We aim to provide updated information on prevalence of overweight and obesity in Spanish adult women, and to also provide references for body composition. We considered data from a survey conducted annually between 2009 and 2010, on 4,013 subjects aged 18 years or more (mean age 53.42±11.99 years), representatives of the Spanish adult women, including measured information on height and weight. A subgroup of 2,224 women conducted a bioelectrical body impedance analysis of body composition. Segmental fat mass (Kg) and fat free mass (Kg) were measured with the Tanita Body Composition Analyzer (Model no. BC-418 MA) and percentile curves were constructed. The World Health Organization (WHO) criteria based on Body Mass Index (BMI) was used for the definition of overweight and obesity. Overweight was present in the 38.4% (95% CI 36.9-39.9%; n=1,539) of the sample, and the prevalence of obesity was of 24.6% (95% CI 23.3-26.0%; n=989). A total of 1,485 women (36.9%; 95% CI 35.4-38.4%) were considered normal according to the BMI. Prevalence of overweight and obesity were significantly increased with age. We have observed an elevated prevalence of overweight and obesity in Spanish adult women. Reference values for fat percentage, fat mass and fat free mass are provided.

Introduction

In the last several decades, the alarming increase in obesity has become one of the most important topics in human biology. Obesity is the outcome of complex interactions between genetic and environmental factors [1]. The latter are mostly associated with a modern lifestyle [2]. The acute rise in the rates of obesity [3–6] is common between men and women and rich and poor people from different ethnicities [7]. Therefore, obesity is a public health concern that is associated with an increased risk for developing hypertension, lipid disorders, type 2 diabetes, heart disease [8], stroke [9] and cancer [10]. Obesity has also been associated with an increased risk for early all-cause mortality [11].

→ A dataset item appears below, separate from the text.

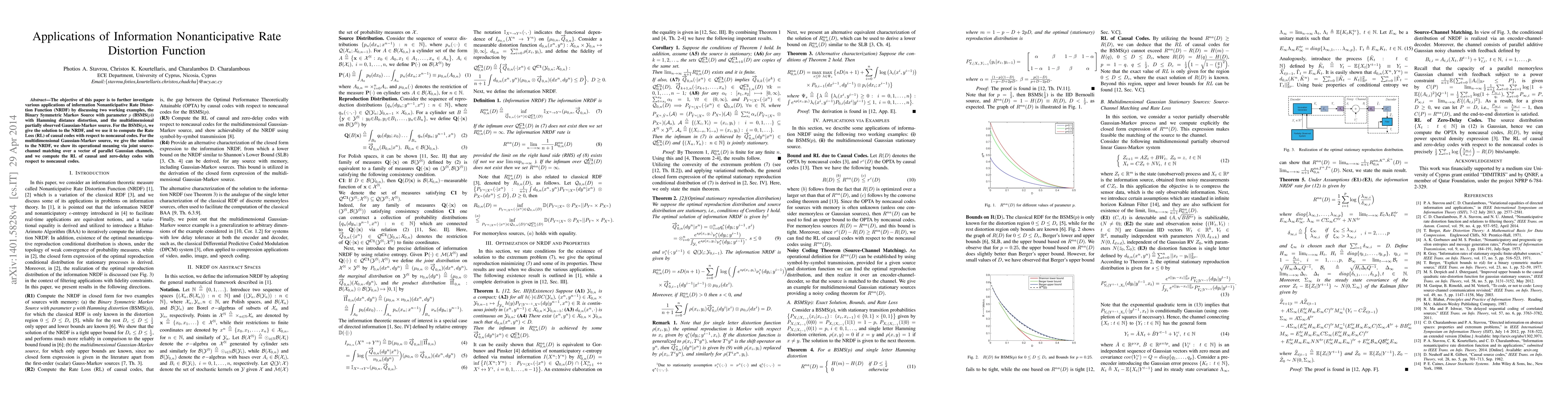The objective of this paper is to further investigate various applications of information Nonanticipative Rate Distortion Function (NRDF) by discussing two working examples, the Binary Symmetric Markov Source with parameter $p$ (BSMS($p$)) with Hamming distance distortion, and the multidimensional partially observed Gaussian-Markov source. For the BSMS($p$), we give the solution to the NRDF, and we use it to compute the Rate Loss (RL) of causal codes with respect to noncausal codes. For the multidimensional Gaussian-Markov source, we give the solution to the NRDF, we show its operational meaning via joint source-channel matching over a vector of parallel Gaussian channels, and we compute the RL of causal and zero-delay codes with respect to noncausal codes.

Body mass index (BMI) [12] is widely used as an anthropometric estimate of general adiposity, but the failure to identify differences in body composition and body fat distribution has limited the usefulness of BMI. Therefore, the combination of BMI and body fat distribution might be more useful as a clinical prognostic indicator and a diagnostic criterion for obesity. A number of methods are used for measuring body composition and body fat distribution [13–15]. Among the gold-standards for body composition analysis are computed tomography (CT) and dual-energy X-ray absorptiometry (DXA). The bioelectrical body impedance analysis (BIA) is a simple, low-cost, safe, accurate and reproducible method for body composition analysis [16]. It has shown great potential in epidemiological and clinical studies [17,18]. BIA approach for the measurement of the body composition has additional advantages: It requires low-cost instrumentation and is easily applicable in practice. However, several factors might limit the valid application of BIA analysis as body geometry and body water distribution could interfere. These factors might affect on the validity of the method that result in either the underestimation or overestimation [19] of the fat mass.

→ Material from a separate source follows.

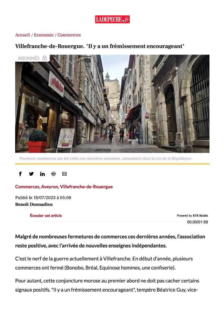 Article paru dans La Dépêche du 18/07/2023 sur la saison estivale dans les commerces
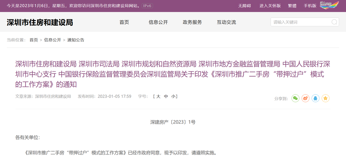 据深圳市住房和城乡建设局网站消息,为探索推广二手房“带押过户”模式,提高深圳市二手房交易效率和便利度,降低二手房交易成本,深圳市住房和建设局等六部门于1月5日联合下发关于印发《深圳市推广二手房“带押过户”模式的工作方案》(以下简称《工作方案》)的通知。

To our knowledge, there is still limited information available on body composition changes determined by BIA and stratified by age in the female Spanish population. The aims of the present study were i) to assess the prevalence of the overweight and obese in the area of Extremadura, southwestern Spain; ii) to describe and to provide reference ranges for the age-related changes in body composition and iii) to correlate the body composition patterns with the BMI in a large cohort of Spanish women.

Methods

Ethics statement

This study was approved by the Research Ethics Committee of the University of Extremadura. All the participants gave written informed consent prior to the study.

Subjects

This study was a cross-sectional study and included a total of 4,013 Spanish women between 18 and 87 years of age. The inclusion criteria were that the subjects should be ambulatory and that, by self-reports, their body weight should not have changed by >2 kg over the previous 6 months. The exclusion criteria included severe organ failure and conditions and medications known to affect body weight and/or body composition. A sub-group of 2,224 women (BIA cohort) had a BIA to analyze body composition.

Anthropometry

The subject’s body weight was measured using a digital scale. Height was measured without shoes using a Harpenden stadiometer with mandible plane and parallel to the ground. We calculated the BMI using weight in kg divided by height in m2 (kg/m2).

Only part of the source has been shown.